* About this task
Retype each line of the data below exactly, beginning with the first and ending with the one that contains "最优解方案为组合式轻度投入:优先购入3个". Pictures do not belong in the copy.

* Information provided
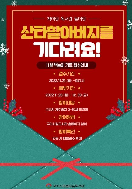 [한국기자연대] 구리시 공립작은도서관 5개소에서는 오는 21일부터 ‘산타할아버지를 기다려요’라는 주제로 선착순 접수(총 60명)를 통해 책놀이 키트를 무료 배부하는 이벤트를 진행한다.
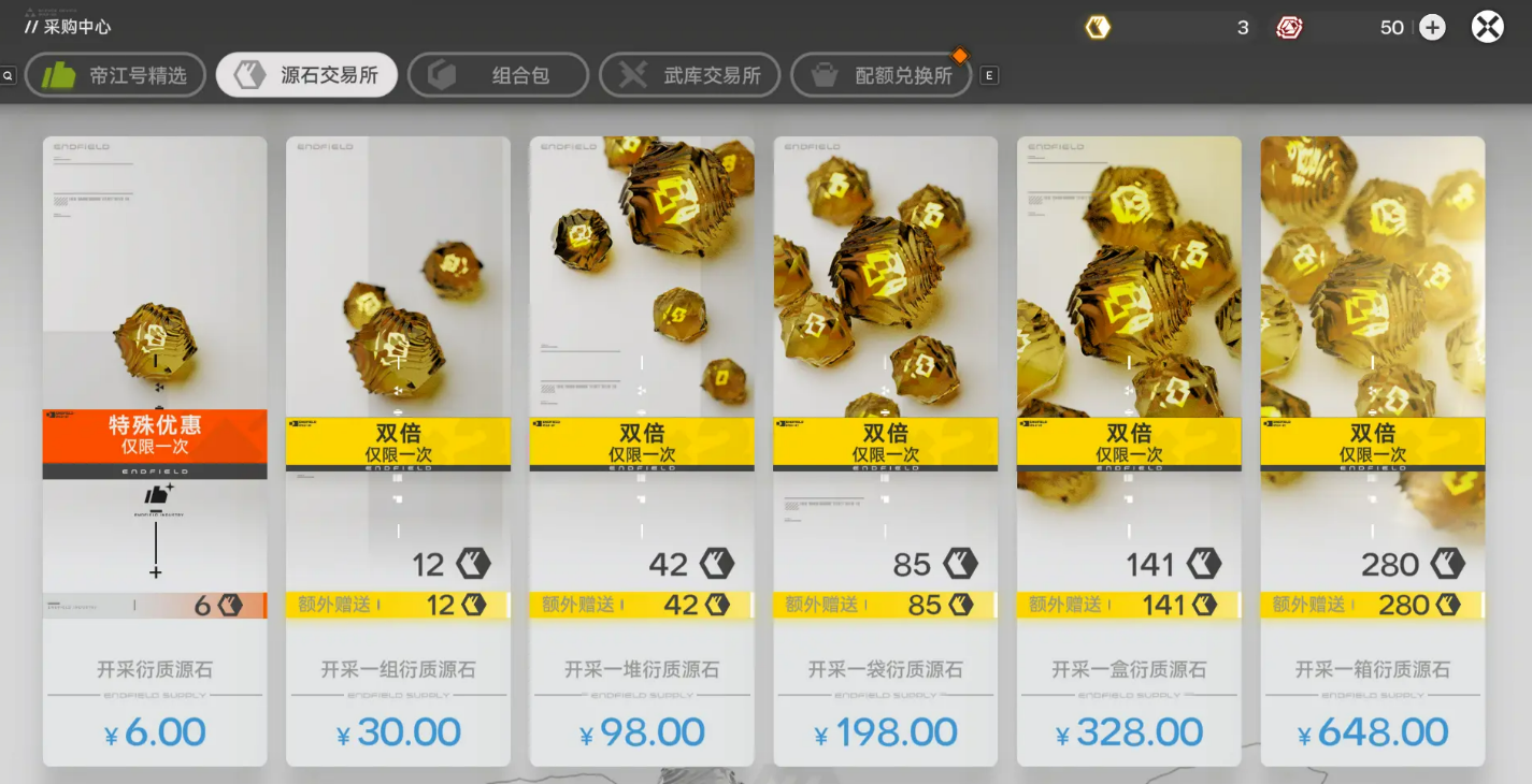 最优解方案为组合式轻度投入:优先购入3个月卡(每月90元)与高级通行证(68元)。月卡每日提供固定源石锭,通行证解锁多层级任务奖励,二者协同形成持续性资源供给。轻度玩家可在该基础上追加150元档位礼包,使总投入精确控制在300元阈值内;中度玩家建议上限设为3000元,因超出此金额后,公测阶段通过直充+25%加成所获资源总量将反超三测返还收益。
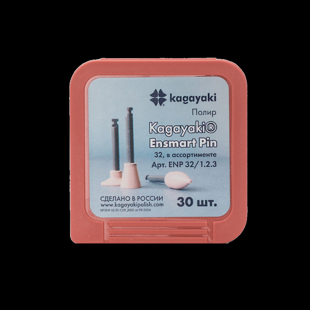 Набор полиров Kagayaki Ensmart pin — одноразовые силиконовые полиры на полимерном пине трёх различных форм (диск, пуля, чашка), предназначенные для придания сухого блеска (ультраблеска) поверхностям композитных, компомерных и стеклоиономерных реставраций. Наполненные оксидом алюминия в качестве абразивного вещества на силиконовом связующем, они отлично сглаживают поверхность.
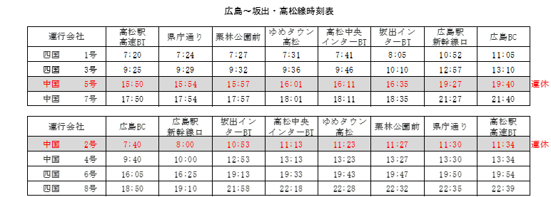 高速バス「広島~坂出・高松線」及び「広島~小倉・福岡線」の一部便の運休について
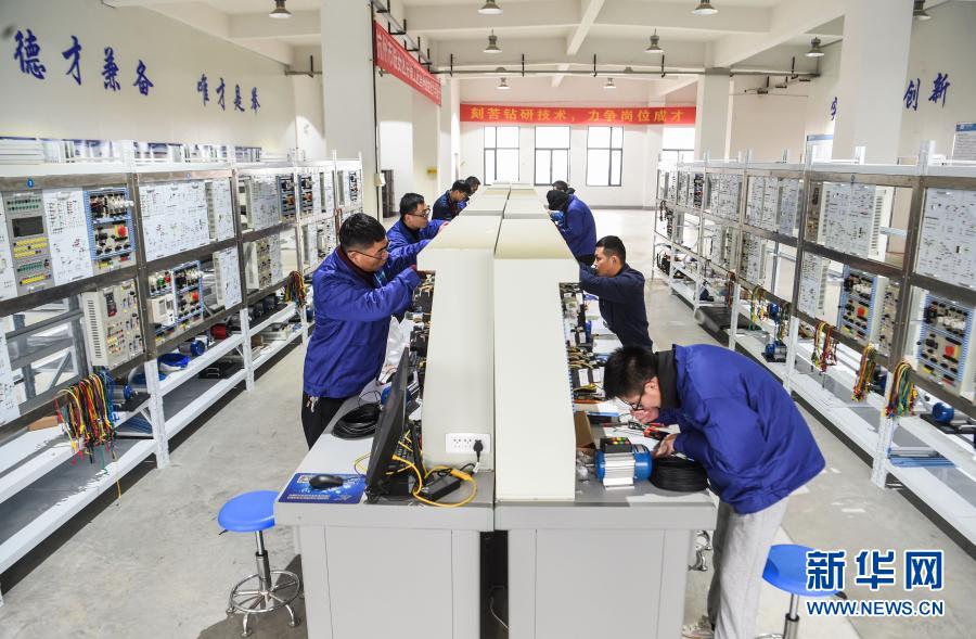 2020年12月6日,浙江省杭州市臨安區(qū)總工會組織的“工匠杯”電工技能大賽舉行。這是技術工人在參加電工技能比賽。新華社記者 徐昱 攝
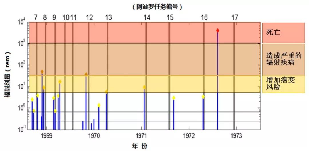 图4 阿波罗任务期发生的太阳质子事件,蓝色线条表示质子事件发生的时间,蓝色线条的长度表示这次事件可能造成的辐射剂量,灰色线条表示各任务飞行在轨时间(图片来自网络)
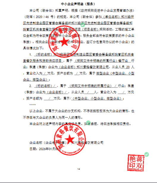 郑州经开区先进制造业园区管委会筹备组郑姚管区机关食堂餐饮服务和货物供应项目*成交公告
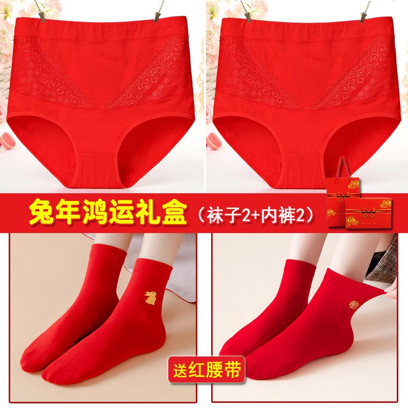 Красный оберег на день рождения, трусы, штаны, нижнее белье, подарочная коробка, комплект, большой размер, высокая талия
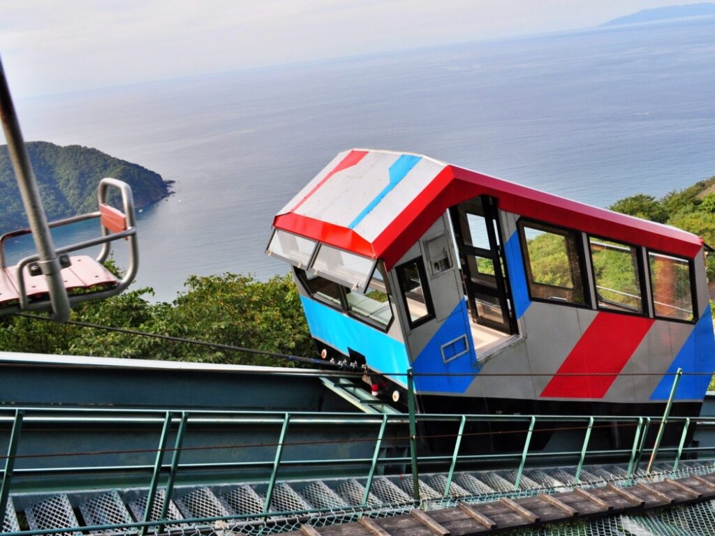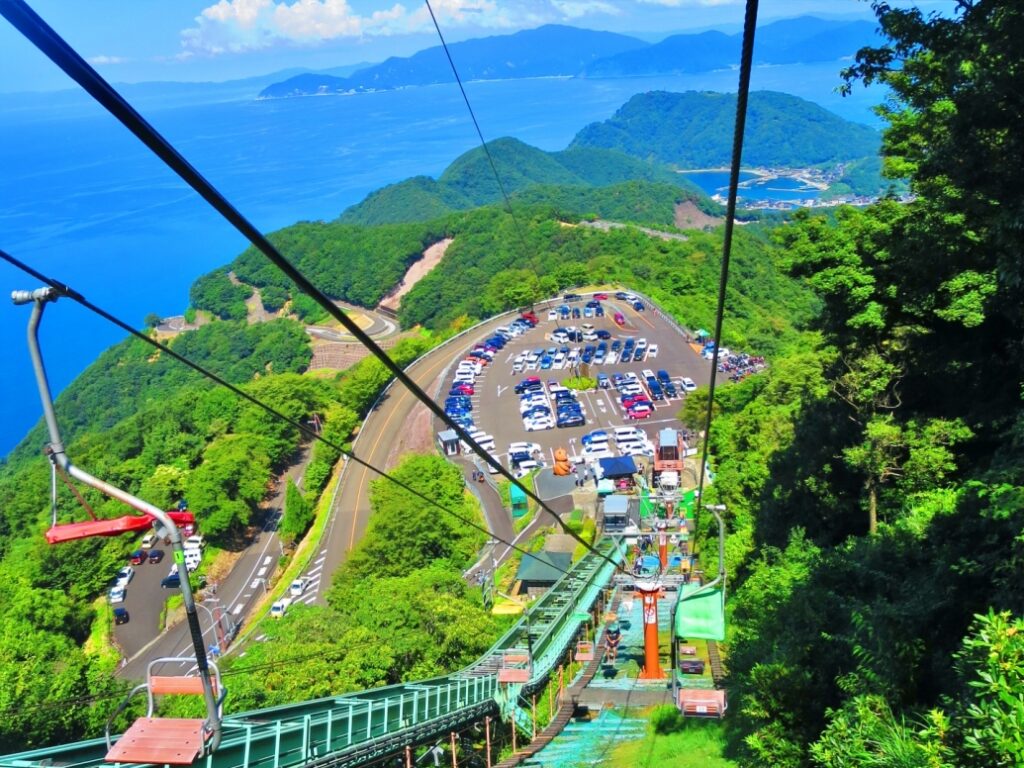 梅丈岳の山頂公園へ、ゲートからケーブルカーまたはリフトで上がる空中移動。テラスから三方五湖の色の違いと若狭湾を一望し、移動そのものが展望アクティビティになります。

* Written reply
 [한국기자연대] 구리시 공립작은도서관 5개소에서는 오는 21일부터 ‘산타할아버지를 기다려요’라는 주제로 선착순 접수(총 60명)를 통해 책놀이 키트를 무료 배부하는 이벤트를 진행한다.
 最优解方案为组合式轻度投入:优先购入3个月卡(每月90元)与高级通行证(68元)。月卡每日提供固定源石锭,通行证解锁多层级任务奖励,二者协同形成持续性资源供给。轻度玩家可在该基础上追加150元档位礼包,使总投入精确控制在300元阈值内;中度玩家建议上限设为3000元,因超出此金额后,公测阶段通过直充+25%加成所获资源总量将反超三测返还收益。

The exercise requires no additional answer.